Ein Paradies für den Hochbegabten, der sich während der Wartezeit überlegt, wie das System funktioniert. Er entwickelt eine Theorie und leitet daraus eine Strategie ab. Er hat einen Plan, wie er die Flügel bewegen will, eine konkrete Idee, wie es sein muss, um möglichst schnell zum Überschlag zu kommen. Aber muss man das denn? Nein, und das ist das Geniale: Die Intensität dieses Fahrgeschäfts sucht jeder Flieger sich selbst aus. Man kann einen sehr coolen Höhenflug mit einer tollen Aussicht genießen - oder man macht es wie der Hochbegabte.

Die Sitze sind also "freigeschaltet", ich warte noch, ich genieße den Moment. Der Arm beginnt, sich zu bewegen. Ich steige immer höher in die Luft auf, atme noch einmal tief durch und dann geht es los. Ich wende meine Strategie an (und verrate sie hier bewusst nicht, damit jeder es selbst ausprobieren kann, das ist ein richtiges Spielzeug!) - und sie geht auf. Ich schwinge nach links, nach rechts, nochmal links und schon gelingt mir der Überschlag. Einer?
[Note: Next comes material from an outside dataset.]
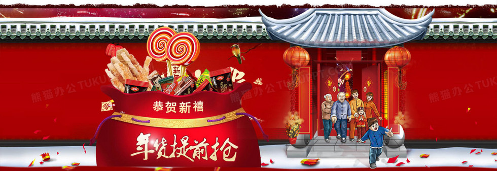 本作品内容为淘宝年货节促销中国风海报, 格式为 psd, 图片尺寸为1920 x 660, 作品中背景图片无需修改, 源文件无水印,可以直接使用, 欢迎使用熊猫办公。 如认为平台内容涉嫌侵权,可通过邮件:tousu@tukuppt.com提出书面通知,我们将及时处理。

Reicht nicht (gestern war Einer toll) - meine Strategie beinhaltet das Ziel, den Rekord zu brechen, und ich ziehe sie durch. Ich merke, wie die Überschläge immer schneller und schneller werden, ich werde mittlerweile richtig in den Sitz gedrückt. Ich habe jegliche Orientierung verloren, ich weiß nicht mehr, wo ich bin, wer oder wie viele. Ich drehe mich schneller und schneller. Dann allerdings entschließe ich mich, die Strategie abzubrechen, nein, heute keinen Rekordversuch, der Magen meldet sich - ich lasse die Tragflächen los und sie klappen in die Ausgangsposition zurück. Die Überschläge werden langsamer, ich pendele mich wieder in horizontaler Lage ein. Die Sitze werden arretiert, die Fahrt endet. Ich steige aus: Am Ausgang ist eine Anzeigetafel, die genau anzeigt, wie viele Überschläge jeder einzelne Flieger geschafft hat. Ich bin stolz - meine erste Fahrt, es sind fünfzehn. Meine Theorie ist aufgegangen. Wissenschaft in action. Bei dieser Fahrt war ich Rekordhalter, aber Kleist neben mir hat dreizehn Überschläge geschafft, das ist fast genauso gut! Wer das mal in Aktion sehen möchte:


Kurzum: Es sehr geiles Teil. Man hat selbst die Kontrolle über den Flugverlauf - das finde ich reizvoll (und ich weiß, die Sannitanic hat zuhause einen Mann sitzen, der dieses Fahrgeschäft LIEBEN wird). Dieses irre Erlebnis, kombiniert mit meiner Kleist-Manipulation (denn ich wollte, dass er möglichst viel Vergnügen aus seiner ersten Kärnan-Fahrt bekommt), das war rundum ein superguter Tag. Ich bin glücklich und dankbar, dass man auch in so einer beschissenen Gesamtsituation noch so viel Spaß haben kann.

Rock on, die Saison hat gerade erst begonnen!